Finally, the function \Rfunction{rgraphBAM()} simulates one or more random graphs
as objects of the class \Rclass{graphBAM} defined in the \Biocpkg{graph} package.
Its arguments are:
<<>>=
args(rgraphBAM)
@
where \Robject{n} is the number of graphs to simulate (default {\tt n=1}) and
\Robject{param} is an object generated by one of the previous parameter functions.
A couple of minimal examples are:
<<>>=
rgraphBAM(erGraphParam())
rgraphBAM(n=2, dRegularGraphParam())
@
In a slightly more ellaborate example, if we would like to simulate a $d$-regular
graph on 2 discrete vertices and 5 continuous ones with a constant degree $d=3$,
we would make the following call to \Rfunction{rgraphBAM()}, which we previously
seed to enable the reader reproducing the same graph shown here:
<<3regulargraph, fig=TRUE, include=FALSE, echo=TRUE, results=verbatim, height=5, width=5>>=
set.seed(1234)
g <- rgraphBAM(dRegularMarkedGraphParam(pI=2, pY=10, d=3))
plot(g)
@
where the last \Rfunction{plot} function call is defined (overloaded) in the
\Biocpkg{qpgraph} package to ease plotting the graph which is displayed in
Figure~\ref{fig:3regulargraph}. This function uses the plotting capabilities
from the \Biocpkg{Rgraphviz} package and further arguments, such as
\Robject{layoutType}, can be passed downstream to the \Biocpkg{Rgraphviz}
plotting function to fine tune the display of the graph.
\begin{figure}
\centerline{\includegraphics[width=0.3\textwidth]{qpgraphSimulate-3regulargraph}}
\caption{A random 3-regular marked undirected graph.}
\label{fig:3regulargraph}
\end{figure}
\section{Simulation of undirected Gaussian GMMs}
Undirected Gaussian GMMs are multivariate normal models on continuous r.v.'s
$X_V=\{X_1, \dots, X_p\}$ determined by an undirected graph $G=(V, E)$ with
$V=\{1, \dots, p\}$ and $E\subseteq (V\times V)$. In particular, the
zero-pattern of the inverse covariance matrix corresponds to the missing edges
in $G$ \citep{Lauritzen:1996fj}. Therefore, simulating this type of GMM amounts
to simulate a covariance matrix whose inverse matches the missing edges of a
given, or simulated, undirected graph in its zero pattern and whose scaled
covariance matches a given marginal correlation on the cells corresponding to
present edges.
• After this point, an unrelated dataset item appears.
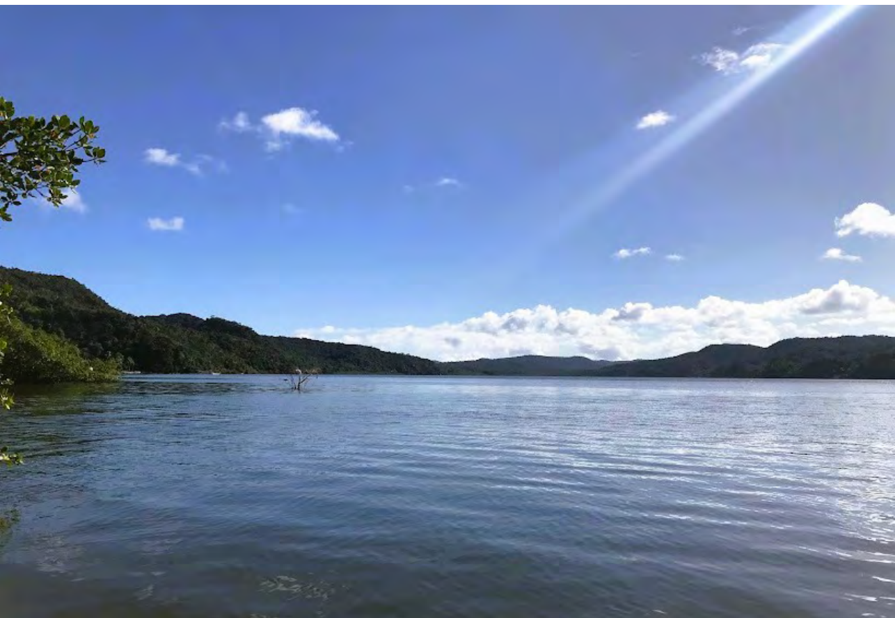
Figura 5. Panorâmica da Baía do Iguape, vista de Maragogipe

This can be easily accomplished with \Biocpkg{qpgraph} using
the function \Rfunction{rUGgmm}:
<<>>=
args(rUGgmm)
@
where \Robject{n} corresponds to the number of undirected Gaussian GMMs we want to
simulate (default \Robject{n=1} and \Robject{g} corresponds to either a
\Rclass{graphParam} object, a \Rclass{graphBAM} object or a matrix. This depends on
whether we want to simulate both the graph and the covariance matrix underlying the
GMM, by providing a \Rclass{graphParam} object, or we just want to simulate the
covariance matrix given a graph specified as either a \Rclass{graphBAM} object,
an squared and symmetric adjacency matrix or a two-column matrix describing an edge
set. Examples of these are the following:
<<>>=
rUGgmm(dRegularGraphParam(p=4, d=2))
rUGgmm(matrix(c(0, 1, 0, 1,
1, 0, 1, 0,
0, 1, 0, 1,
1, 0, 1, 0), nrow=4, byrow=TRUE))
rUGgmm(matrix(c(1, 2,
2, 3,
3, 4,
4, 1), ncol=2, byrow=TRUE))
@
These three calls to \Rfunction{rUGgmm()} return objects of class \Rclass{UGgmm}
containing undirected Gaussian GMMs with an underlying graph structure formed by
a single undirected cycle on four vertices. The elements of an \Rclass{UGgmm}
object can be quickly explored with the \Rfunction{summary()} function call:
<<>>=
set.seed(12345)
gmm <- rUGgmm(dRegularGraphParam(p=4, d=2))
summary(gmm)
@
and the individual elements that are available to the user can be
accessed as if it were a \Rclass{list} object:
<<>>=
class(gmm)
names(gmm)
gmm$X
gmm$p
gmm$g
gmm$mean
gmm$sigma
@
We can also directly plot the \Rclass{UGgmm} object to see the underlying
undirected graph and, in this particular example, note how the zeroes of the
inverse covariance match the missing edges shown in Figure~\ref{fig:4cyclegraph}.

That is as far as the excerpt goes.